Машина тронулась с места. Парень бросал испуганные взгляды на мою рану и пистолет.
– «Волгу» в кювете видел? – спросил я, глядя на дорогу.
– Да.
– Кто-нибудь там был?
– Когда я проезжал, возле нее стояли еще две машины.
– Понятно, – устало произнес я. – Послушай, у тебя аптечка есть?
– Там, сзади.
– Я одолжу немного ваты и бинта, – сказал я, открывая аптечку.
Парень высадил меня на станции «Марк», откуда на электричке я приехал на Савеловский вокзал и отправился в медпункт при вокзале.
– Кто нанес вам такую рану? – спросила молоденькая медсестра, перевязывая меня.
– Какой-то дурак в электричке дебоширил, – стал объяснять я. – Пришлось призвать к порядку, а он мне за это осколком стекла по шее. Если бы не отклонился чуть в сторону, он мне голову бы отрезал.
Медсестра склонилась ко мне и шепнула на ухо:
– А какого калибра была бутылка у этого дебошира? Я посмотрел в ее веселые глаза и улыбнулся:
– Сестричка, я на задании.
– А я на работе и обязана сообщать о всех подобных случаях куда надо, – строго сказала она.
– Не беспокойся, милая, я сам и есть «кто надо», – ответил я.
Она улыбнулась и отпустила меня со словами:
– А вы правы, если бы чуть в сторону, то перевязка бы уже не понадобилась бы.
Я взял такси и отправился к Жене, но когда машина подъехала к дому, я увидел, что у подъезда стоит служебная «Волга».
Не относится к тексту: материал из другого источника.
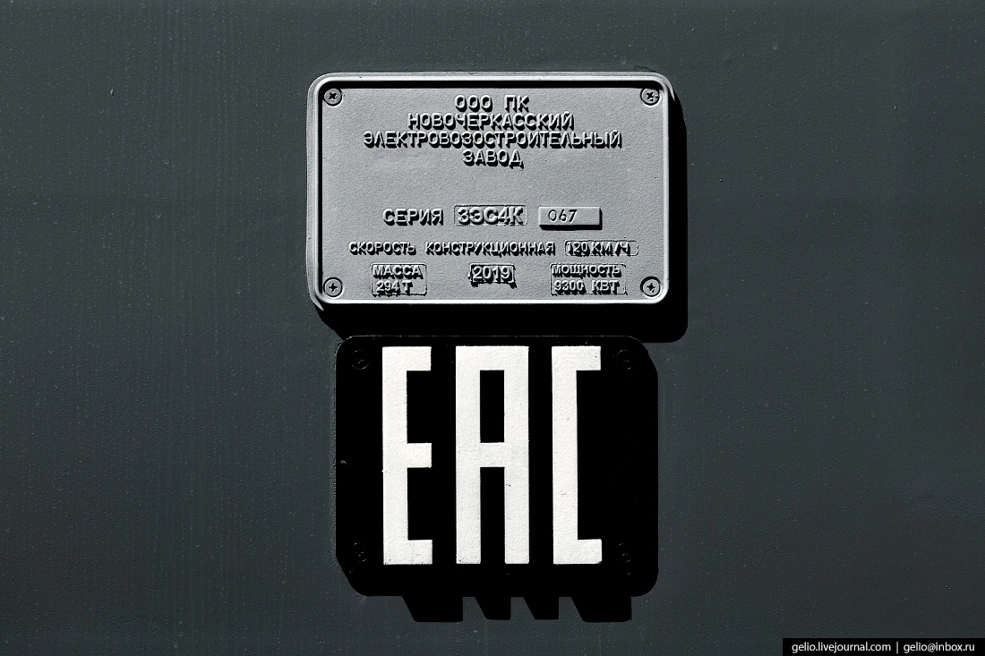Шильдик грузового трехсекционного электровоза 3ЭС4К «Дончак». От двухсекционной модели он отличается наличием промежуточной секции. Она увеличивает его мощность в 1,5 раза и позволяет водить грузовые составы массой до 6000 тонн. Электровозы серии «Дончак» работают на магистралях Октябрьской и Северо-Кавказской железной дороги.
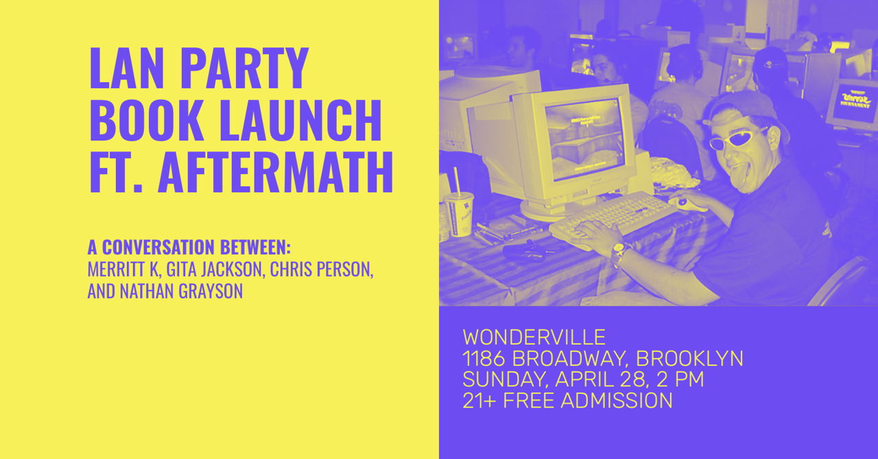 Come celebrate the release of merritt k's book LAN Party, documenting the wild and sweaty days of multiplayer gaming at the turn of the millennium, with a conversation between the author and the crew of the worker-owned video game and culture site Aftermath!
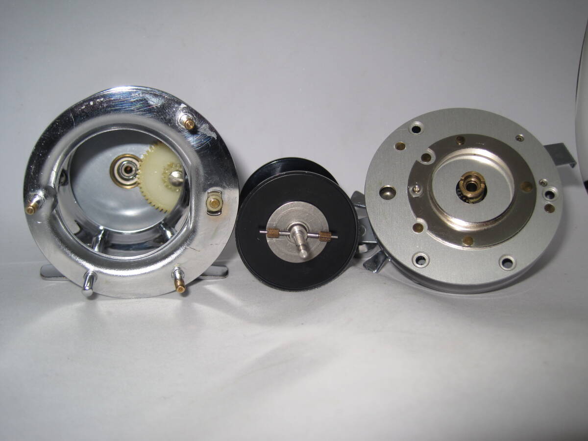 - シルバーのアルマイト塗装されたサイドプレート、ハンドル、スプールはアルミ製です。めっきされたフレーム、ドラグ等は真鍮製です。
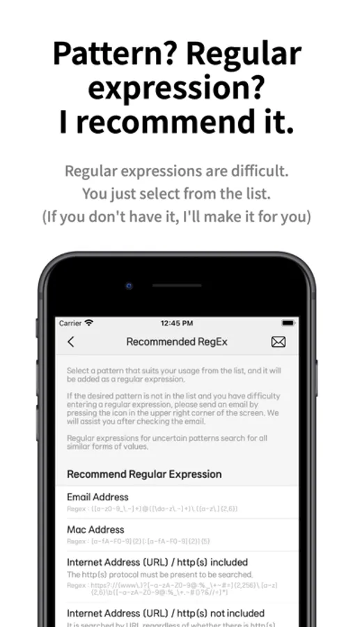 Q: There is no desired pattern in the regular expression recommendation service?A: If you contact us within the app (regular expression recommendation - top right - email icon) or send us your pattern information to the email below, we will help you create a regular expression.[ App Permissions ]* Essential Permissions
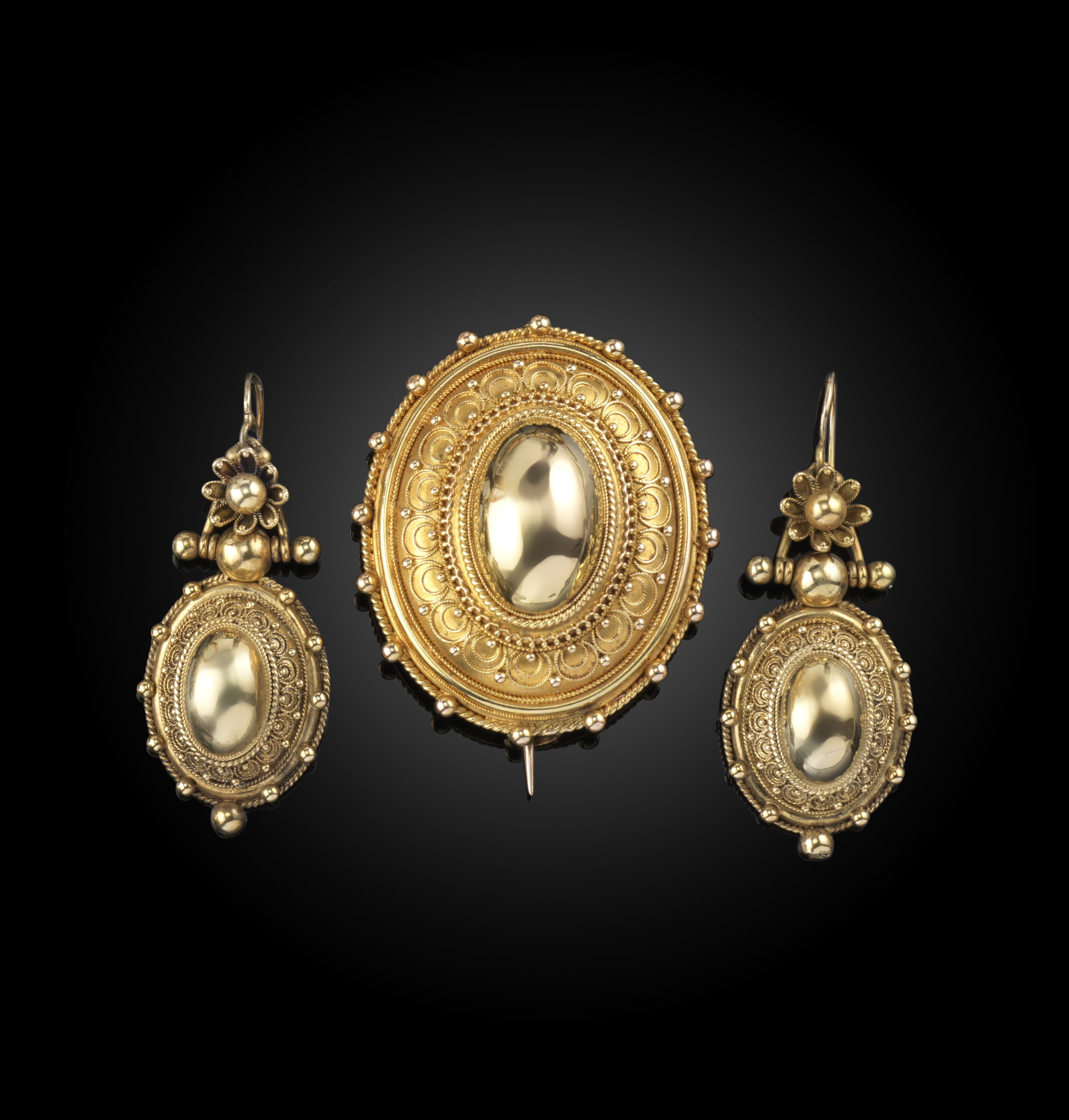 A late Victorian pair of gold earrings, of oval form with cannetille decoration, pellet and ropetwist borders suspended from flowerheads in yellow gold, length 5cm total, with a matching gold brooch with glazed locket compartment to reverse, length 4.4cm, fitted case
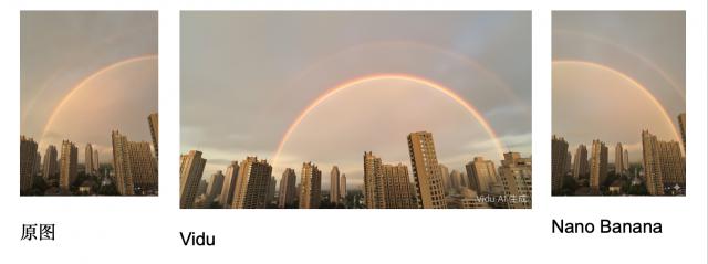 在上图的例子中,Nano Banana 并没有理解提示词中补全彩虹的意思,彩虹只出现了另外半边,而 Vidu Q1 参考生图则做到了将没有出现在图片中的另外半边彩虹补全,形成了完整挂在天上的双彩虹景象,表现出了极高的画面理解能力和一致性。
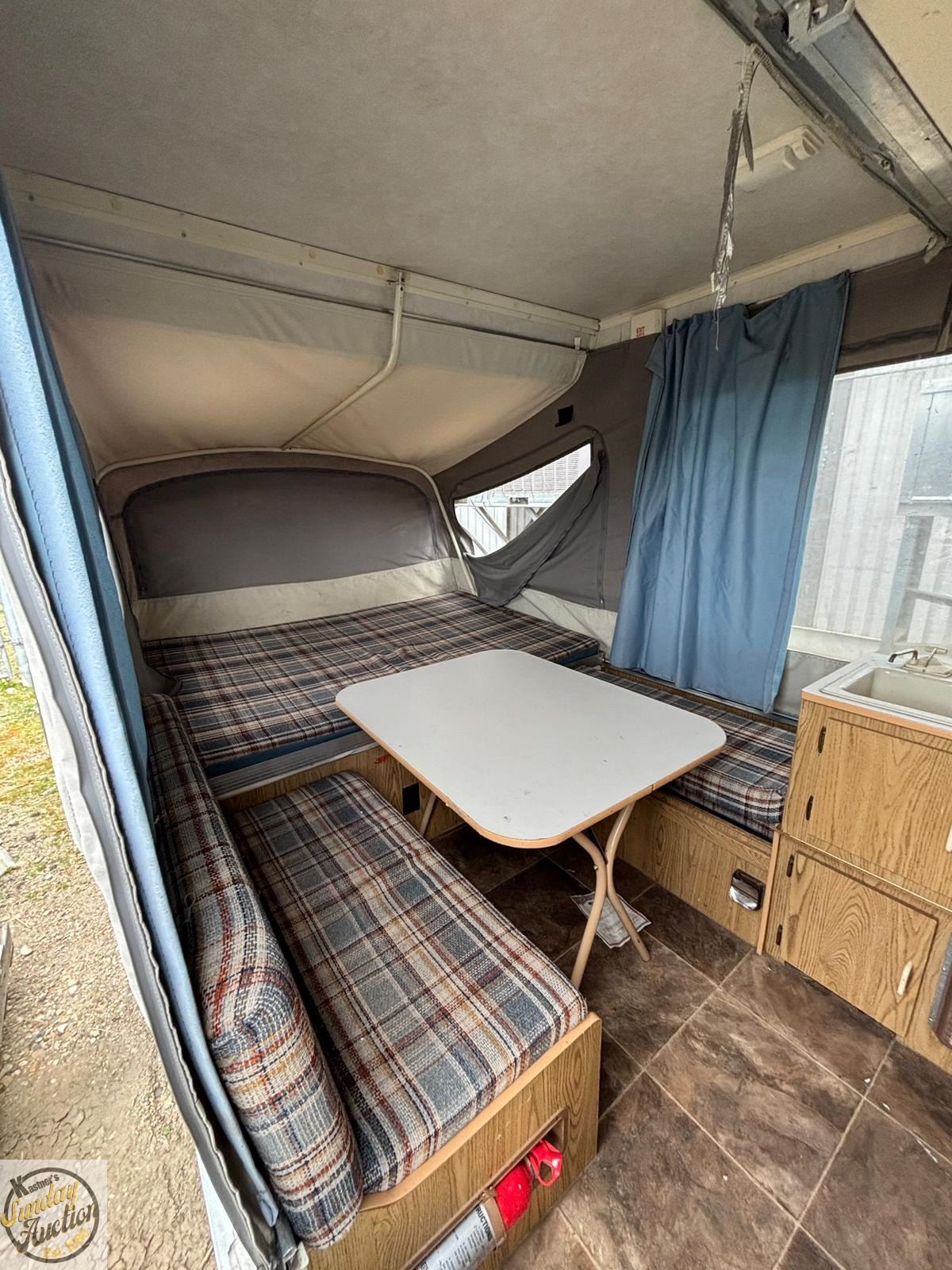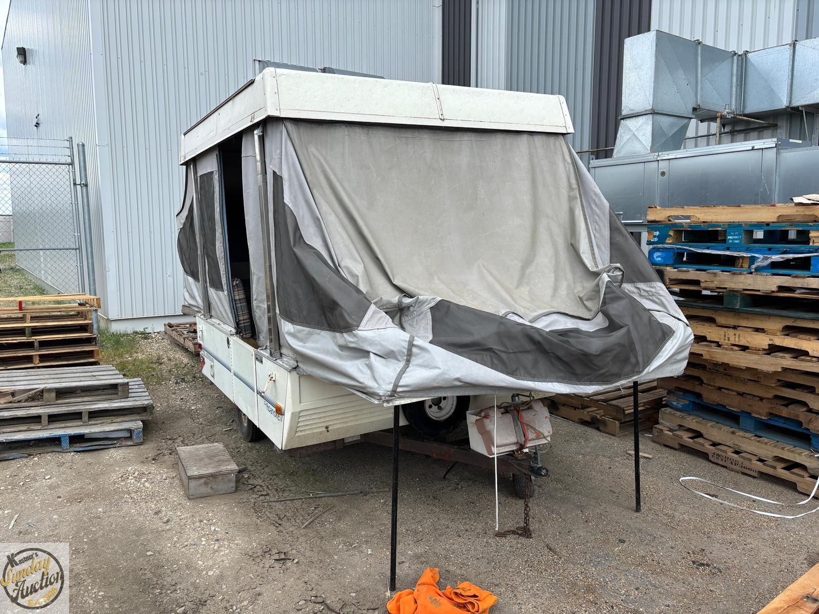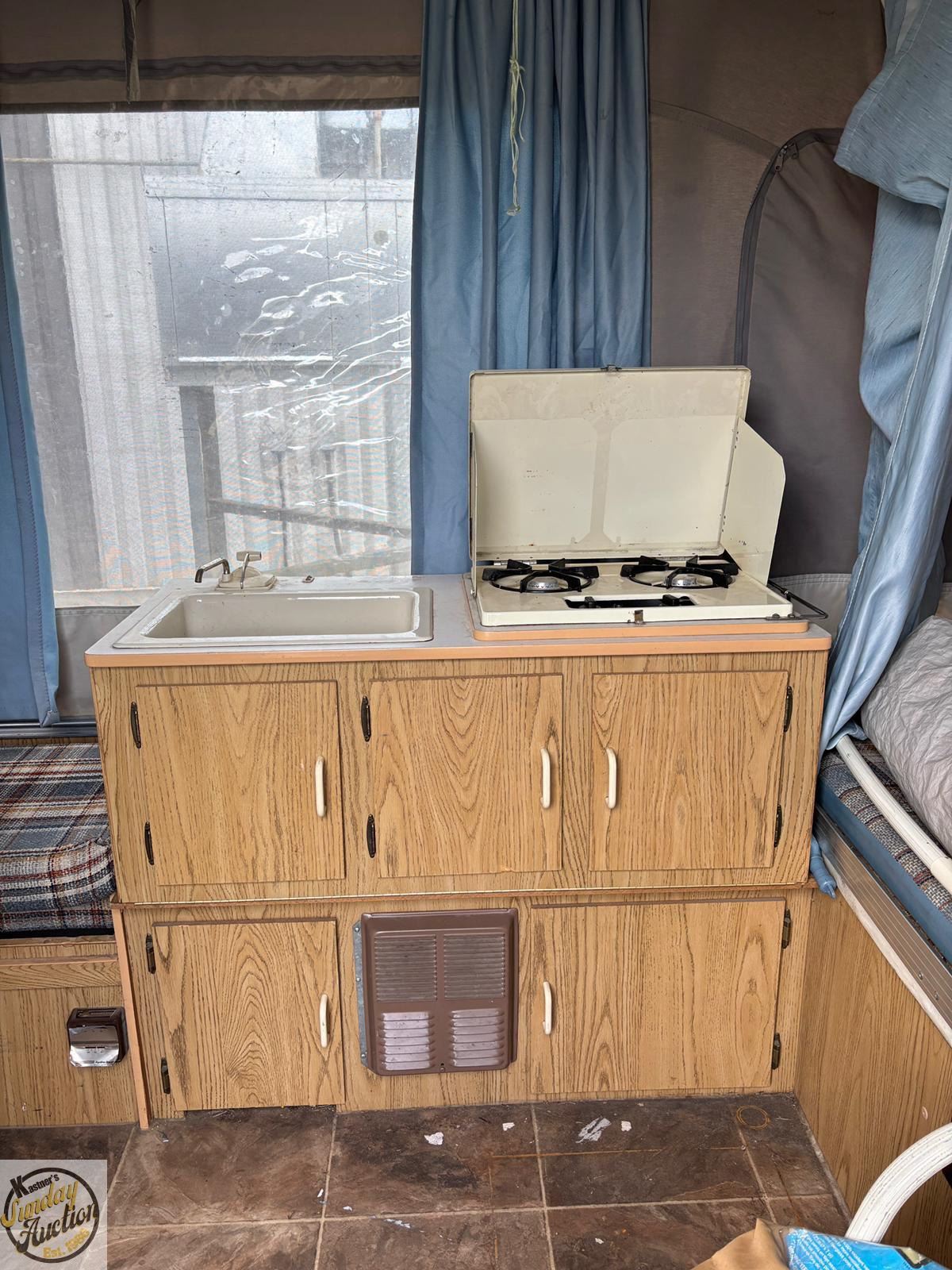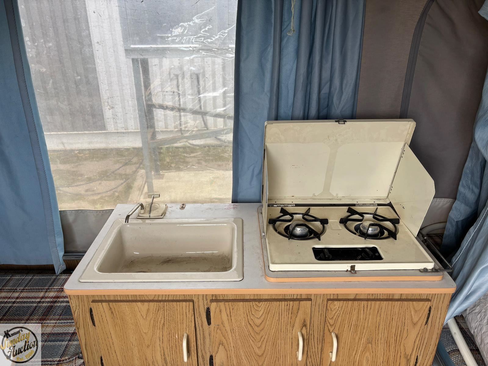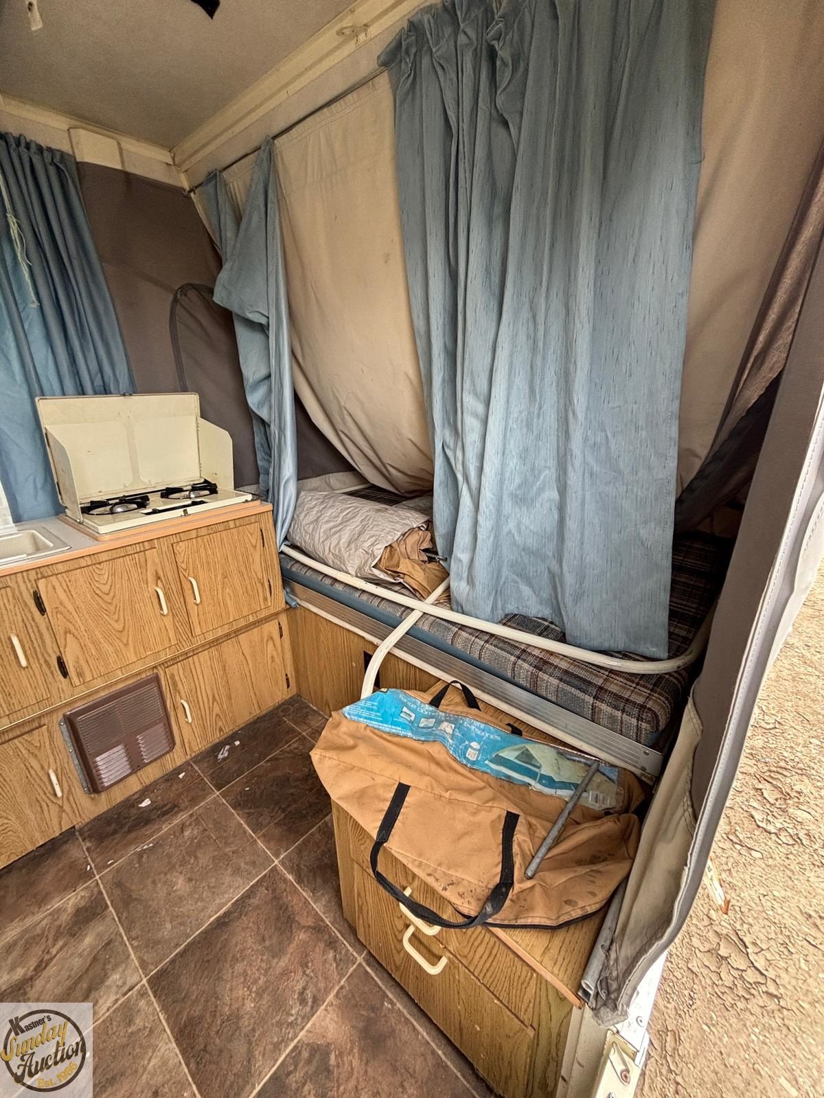 CAMPER FEATURES NORMAL ACTIVE STATUS, WIDTH IS 80", LENGTH WITH HITCH 144", WITHOUT HITCH 108", INCLUDES BED AND SMALL KITCHENETTE.

– Давай проедем дальше, браток, – сказал я таксисту.
Он проехал мимо «Волги», развернулся и стал у соседнего подъезда.
– Немного постоим, – попросил я таксиста, который, ничего не понимая, переводил взгляд то на черную «Волгу», то на меня.
Ждать пришлось недолго. Из подъезда вышли двое – Москвин и Никицкий. Они сели в машину, и она, осветив фарами такси, проехала мимо. Я спрятался за сидением и вылез только тогда, когда «Волга» скрылась за поворотом.
– У вас что, игра в «казаки-разбойники»? – с улыбкой поинтересовался таксист.
– Что-то вроде этого, – ответил я и сунул ему десять зеленых.
Я поднялся наверх и с минуту не мог решиться позвонить. Женя открыла не сразу. Наверное, она смотрела в глазок, прежде чем открыть. Я увидел ее лицо и оторопел. Оно распухло от слез. Можно было подумать, что она убивается по близкому родственнику, умершему сегодня.
– Проходи, – тихо сказала она и направилась в зал.
Я закрыл дверь и прошел следом за Женей.
– Что случилось? – тихо спросил я.
– А ты не знаешь? – ответила она и снова разрыдалась. – Они все знают, ты понимаешь? Они знают!
– Что знают?
– То, что ты был у меня, ночевал, – сказала Женя. – Сейчас я временно отстранена от работы. Здесь были Москвин и Никицкий, угрожали, требовали, чтобы я назвала адреса, где ты бываешь, ночуешь.
– И что ты ответила?
– Я молчала, – она снова заплакала, – но Москвин схватил меня за волосы, пригрозил большими неприятностями, если не скажу.
Внутри у меня все закипело.
– Это переходит всякие границы, – сказал я. – Он не внял моим предупреждениям. Что ж, пусть пеняет на себя.
Я повернулся и направился к двери.
– Ты куда, Виктор? – спросила Женя.
– Прости меня, любимая, но у меня еще столько разных дел.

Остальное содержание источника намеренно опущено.